+++ Data for the task +++
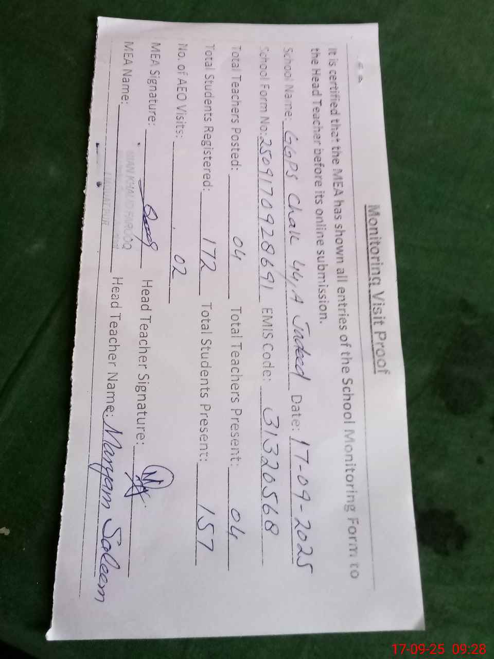 | Attendance Register | Head Teacher | MEA with School | Visit Proof |
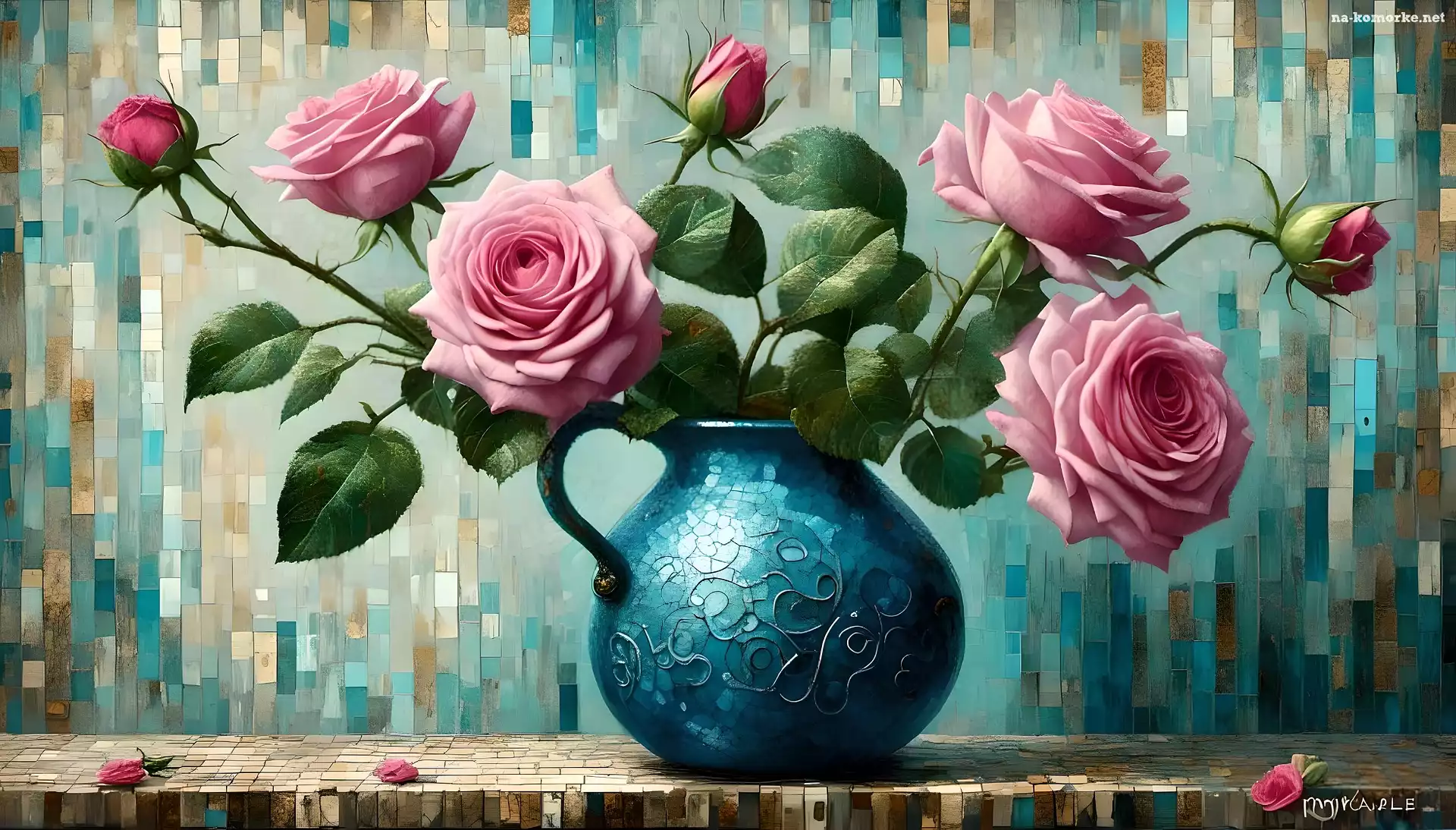 Różowe, Róże, Grafika, Dzbanek na Komórkę
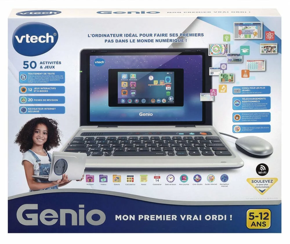Génio Mon Premier Vrai Ordi est un ordinateur portable idéal pour l’éducation de vos enfants. Avec Génio ils peuvent se divertir en explorant Internet ou en écoutant de la musique. C’est un ordinateur ultra sécurisé.
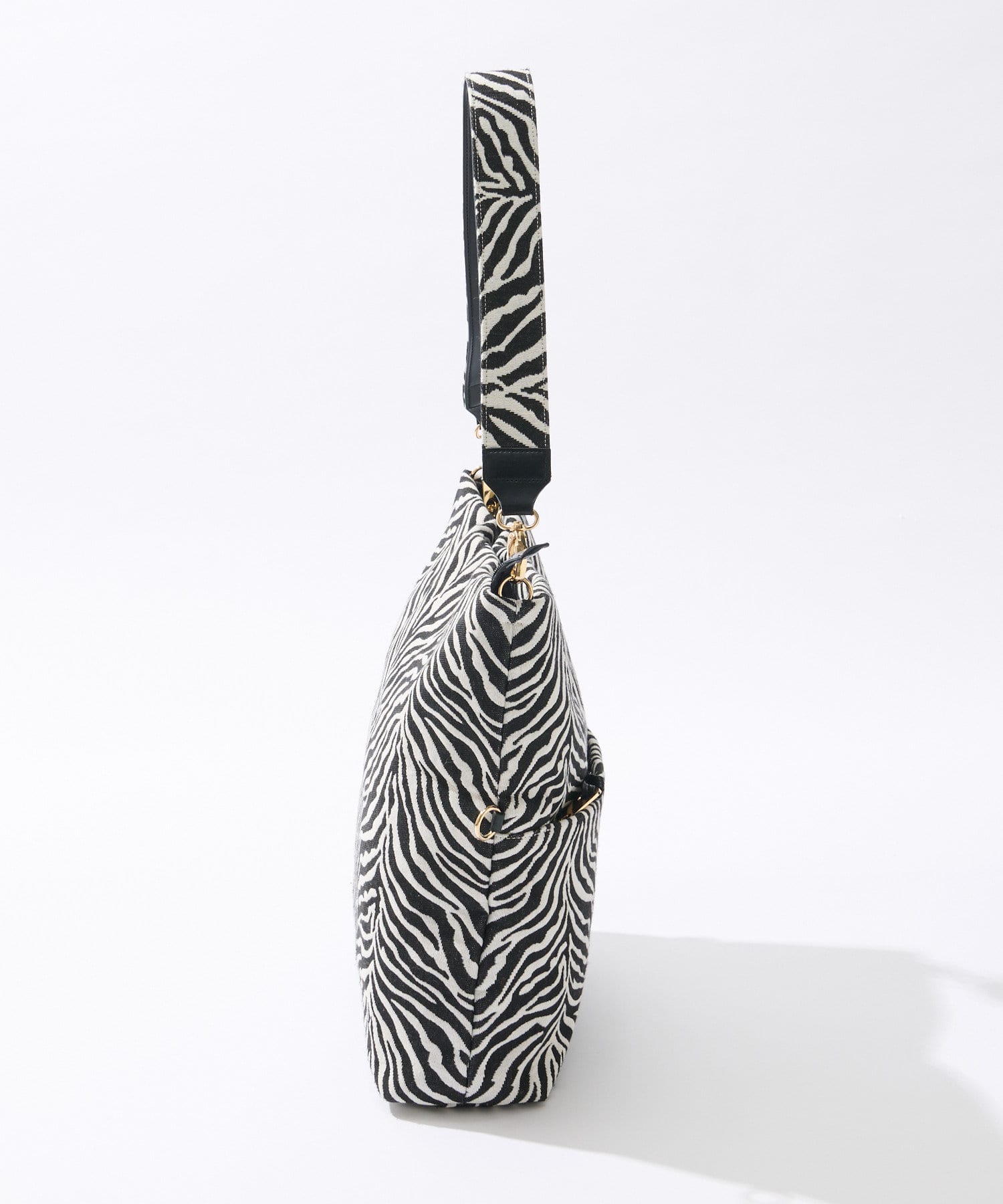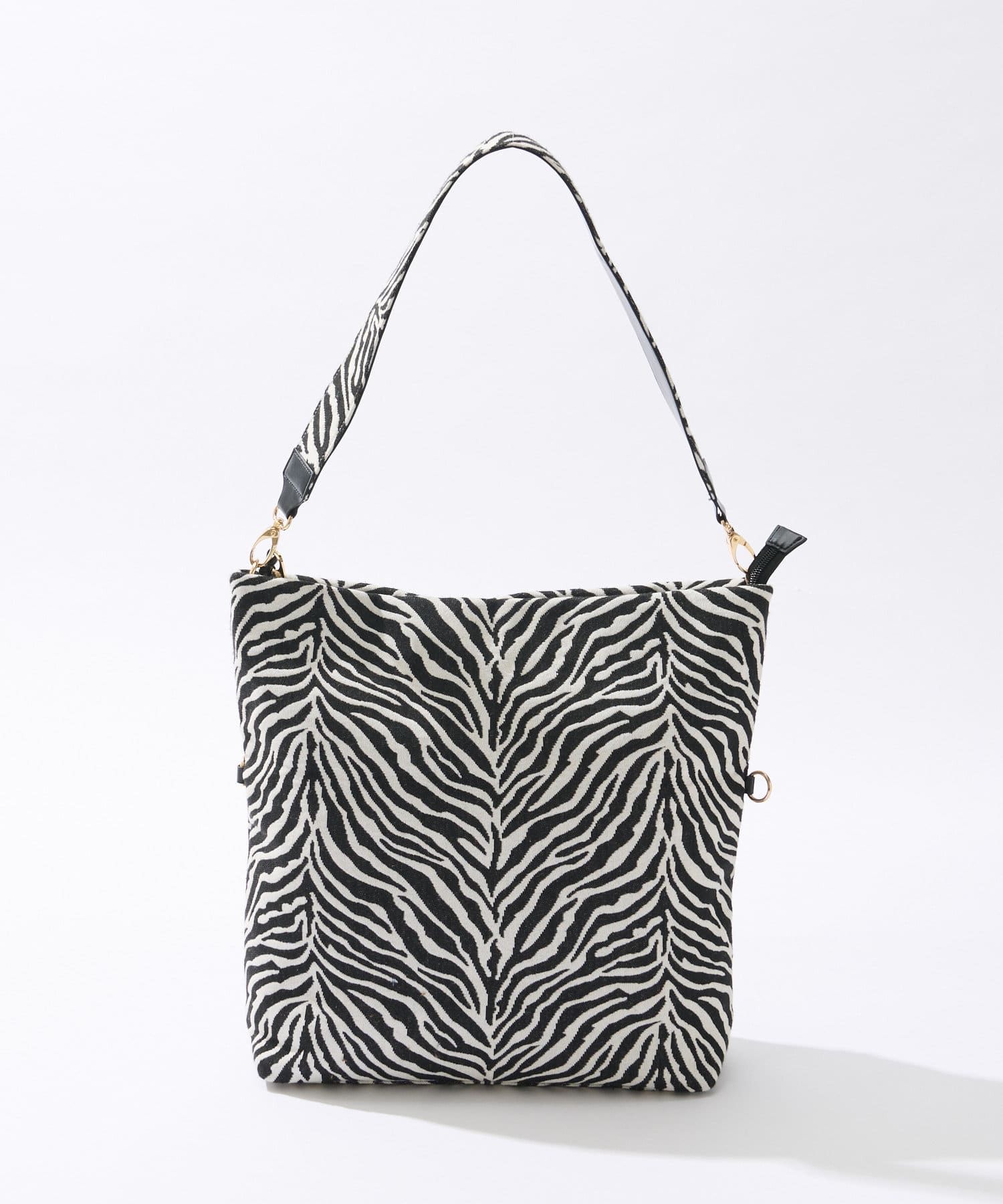 様々な持ち方で楽しめる遊び心のあるゼブラ柄トートバッグ。
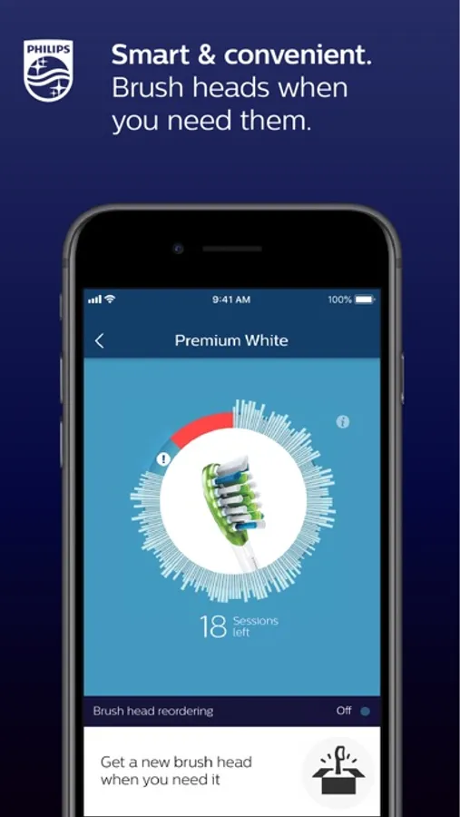 Always have a fresh brush head when you need one. As the Sonicare app monitors your brush head’s usage, the reordering service reminds you when you need a replacement, and can automatically place an order so it arrives just in time. The brush head smart reordering service is available in the United States, United Kingdom, Germany, France, Spain, Italy and Japan.
+++
Restate the lines above from the one containing "Génio Mon Premier" through the one containing "様々な持ち方で楽しめる遊び心のあるゼブラ柄トートバッグ。", inclusive, exactly and without pictures.

| Answer space |
Génio Mon Premier Vrai Ordi est un ordinateur portable idéal pour l’éducation de vos enfants. Avec Génio ils peuvent se divertir en explorant Internet ou en écoutant de la musique. C’est un ordinateur ultra sécurisé.
 様々な持ち方で楽しめる遊び心のあるゼブラ柄トートバッグ。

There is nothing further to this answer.